Monitor Your Eating Habits
The best way to determine whether you eat for reasons other than hunger is to keep a food journal (see How to Calculate How Many Calories You Consume). Analyzing its contents will help you identify your food habits. Look in particular for the following patterns:
- Eating when you’re unhappy: This can signal that you’re eating for emotional rather than physical reasons.
- Eating oversized portions: If you eat supersized portions regularly, you are flooding your body with calories it doesn’t need.
- Eating lots of one food group (such as meat) and little of another (such as fruit): Your body works most efficiently when it is consuming many types of foods. Limiting certain foods will lead to more cravings and cause you to consume more calories.
- Drinking lots of alcohol and/or non-diet soda: Alcohol and soda are packed with calories and make weight loss difficult.
- Letting five hours or more pass between meals: Starving yourself during the day leads to gorging when you finally do eat.

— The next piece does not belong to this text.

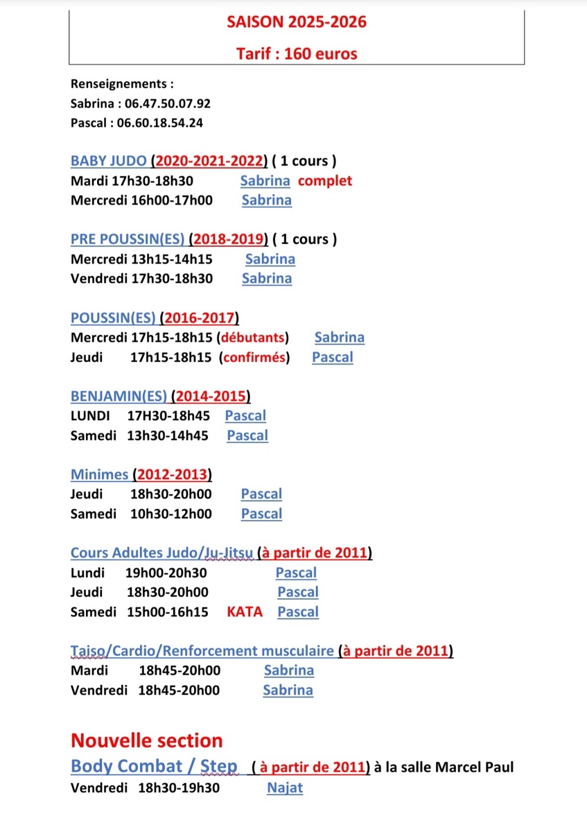 Horaires saison 2025-2026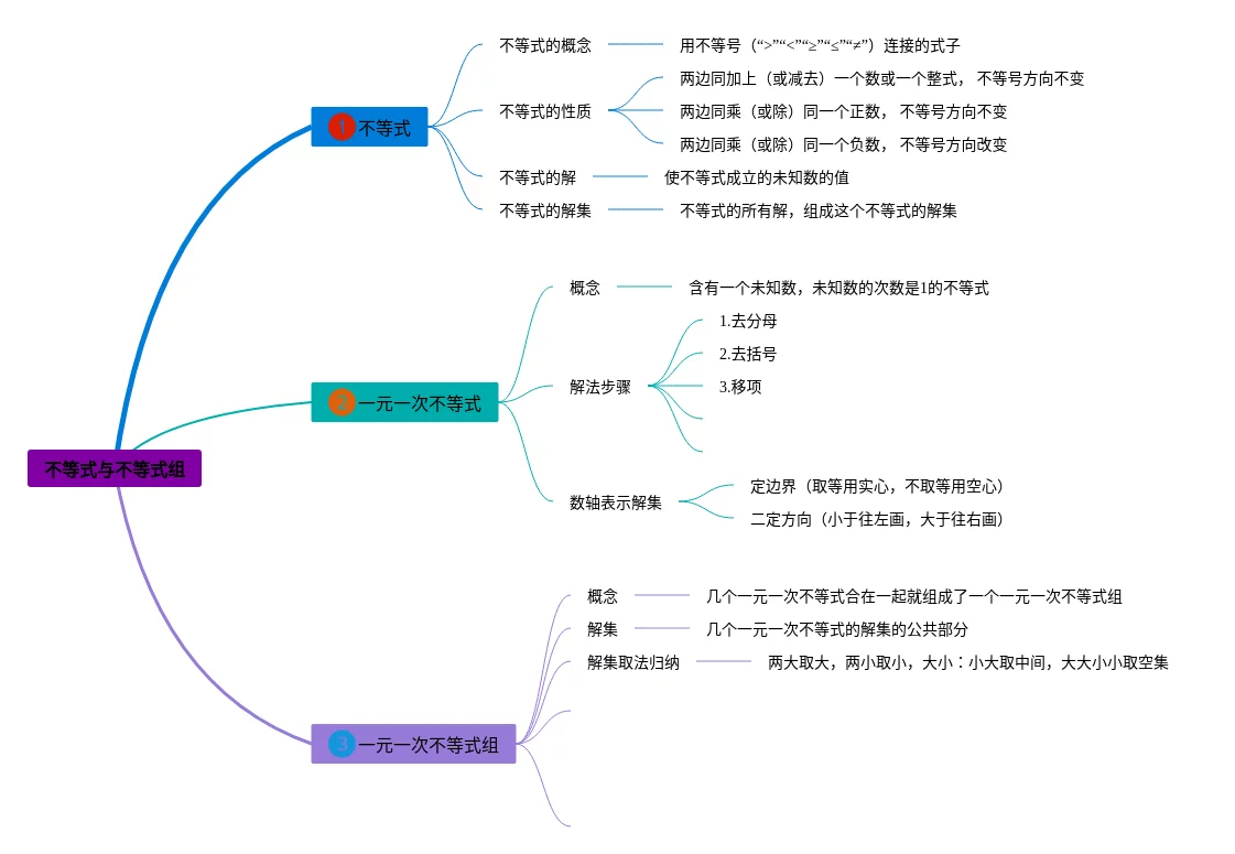 22张七年级数学下册不等式思维导图汇总,七年级数学下册不等式思维导图,内容涵盖一元二次不等式求解过程、高次不等式、基本不等式、线性规划、基本初等函数不等式等8个知识点,22张高清版,每张思维导图都非常简单,每张图片均高清版。

It’s better to eat balanced meals throughout the day.
- Eating once an hour or more: This can signal unconscious eating, in which you eat almost without realizing it.
- Eating meals of significantly different sizes: Your body works best when you eat regularly sized meals throughout the day. It is also much easier to keep track of how much you’re eating if you eat meals of similar sizes.
- Overeating when you’re in certain places or with certain people: When you find yourself in these situations, simply be more mindful of what you’re eating. Do not avoid these people or places. That would just make you feel deprived.
Tips for Controlling Your Eating
It’s easy to decide to control your eating. The difficulty lies in actually controlling your eating each and every day. The easiest way to control your eating is to put yourself in positions where you can succeed. Here are a few tips that will help you do that:
- Shop smart: Make a grocery list before you go shopping, and don’t buy anything that isn’t on your list. Having a list will help you ignore the tempting goodies that will interfere with your weight loss plan. Never go shopping when you’re hungry.
- Decrease portions: If you control the portion size of the foods you bring into your home, you’re less likely to pig out. For instance, you could buy small containers of ice cream rather than gallons, and single-serving bags of chips rather than family-sized.
- Plan: Plan your meals and snacks through the day, rather than just eating when the mood strikes you. This will help you avoid unconscious eating.
- Don’t skip: Don’t skip meals. If you wait until you’re famished to eat, you’ll probably overeat. Instead, eat three reasonably sized meals and two to three snacks per day.
- Add variety: Eat several different foods at each meal and snack, rather than a lot of one food. Instead of a big bowl of cereal, for example, mix a smaller amount of cereal with fresh fruit. Variety will keep you interested in the food you’re eating and help you get all the nutrients you need.
- Use a plate: Don’t eat directly from the bag, box, or carton. Always put your food in a bowl or on a plate. This will keep you mindful of the size of the portions you’re eating.
- Eat slowly: It takes your body up to 20 minutes to realize it’s full. If you eat quickly, you may end up overeating, since you’ll think that you’re still hungry. Also, eating slowly helps you enjoy the taste and texture of the food.
- Eating out: If you know you’re going to eat out, you might want to work out for a little longer that day, or eat less at lunch. However, don’t go to the restaurant starving, because you might overeat. If bread is served before the meal, skip it or have half a piece. Order sauces and dressing on the side, if possible. Opt for menu items that are steamed, poached, boiled, broiled, or grilled. Rather than finish your entire entrée, stop eating when you’re full and ask for a doggie bag. Skip dessert or share one with your dining companion.